SACA: Selective Attention-Based Clustering Algorithm
Meysam Shirdel Bilehsavar, Razieh Ghaedi, Samira Seyed Taheri, Xinqi Fan, Christian O'Reilly
TL;DR
The paper tackles the challenge of parameter tuning in density-based clustering by introducing SACA, a Selective Attention-Based Clustering Algorithm that derives a data-driven pruning threshold to isolate high-density cluster cores and then reintegrates sparse points. It combines a principled core-extraction phase with flexible reintegration (via nearest-neighbor or centroid-based assignment) and an intuitive Attention Selectivity Coefficient for multi-level pattern discovery. Across 16 benchmark datasets and six metrics, SACA demonstrates robust, accurate performance with minimal tuning, outperforming DBSCAN, HDBSCAN, and OPTICS in many scenarios.

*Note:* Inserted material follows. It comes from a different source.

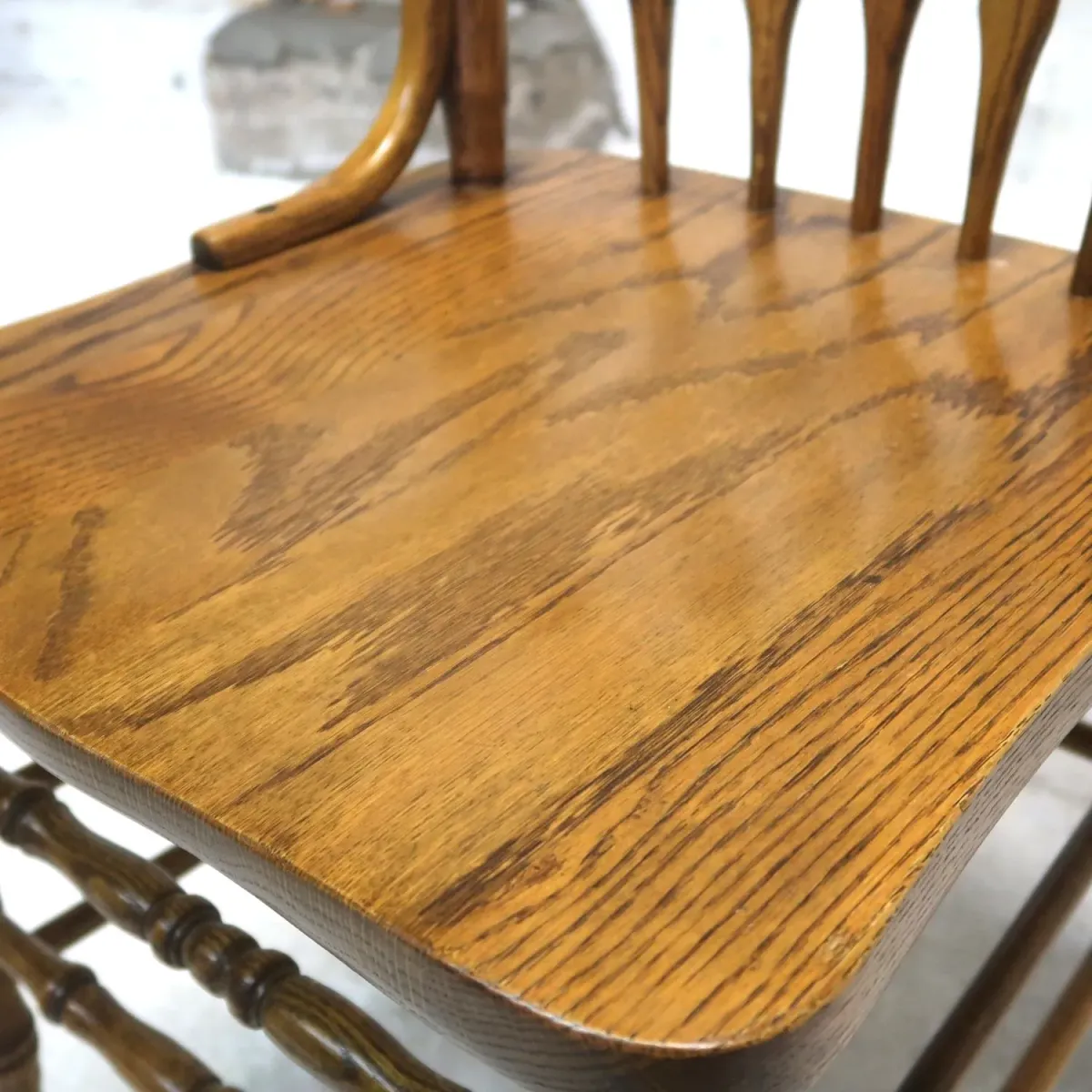 高級感のある肉厚なウッドを使った丁寧な作り、曲線と直線が入り交じった美しく繊細なクラシックスタイル。拘ってしっかりと作られているのが分かります。 目を引く背もたれのフェザーデザイン、美しい木目や長い歴史を感じるウッドの温かな風合いも魅力的。 そこにあるだけで絵になるアンティークならではの存在感と貫禄があるチェアです。

The approach emphasizes interpretability and practicality, offering memory-time trade-offs (including a KD-tree variant) and outlining directions for memory-efficient and noise-adaptive extensions.
Abstract
Clustering algorithms are fundamental tools across many fields, with density-based methods offering particular advantages in identifying arbitrarily shaped clusters and handling noise. However, their effectiveness is often limited by the requirement of critical parameter tuning by users, which typically requires significant domain expertise. This paper introduces a novel density-based clustering algorithm loosely inspired by the concept of selective attention, designed to minimize reliance on parameter tuning for most applications. The proposed method computes an adaptive threshold to exclude sparsely distributed points and outliers, constructs an initial cluster framework, and subsequently reintegrates the filtered points to refine the final results. Extensive experiments on diverse benchmark datasets demonstrate the robustness, accuracy, and ease of use of the proposed approach, establishing it as a powerful alternative to conventional density-based clustering techniques.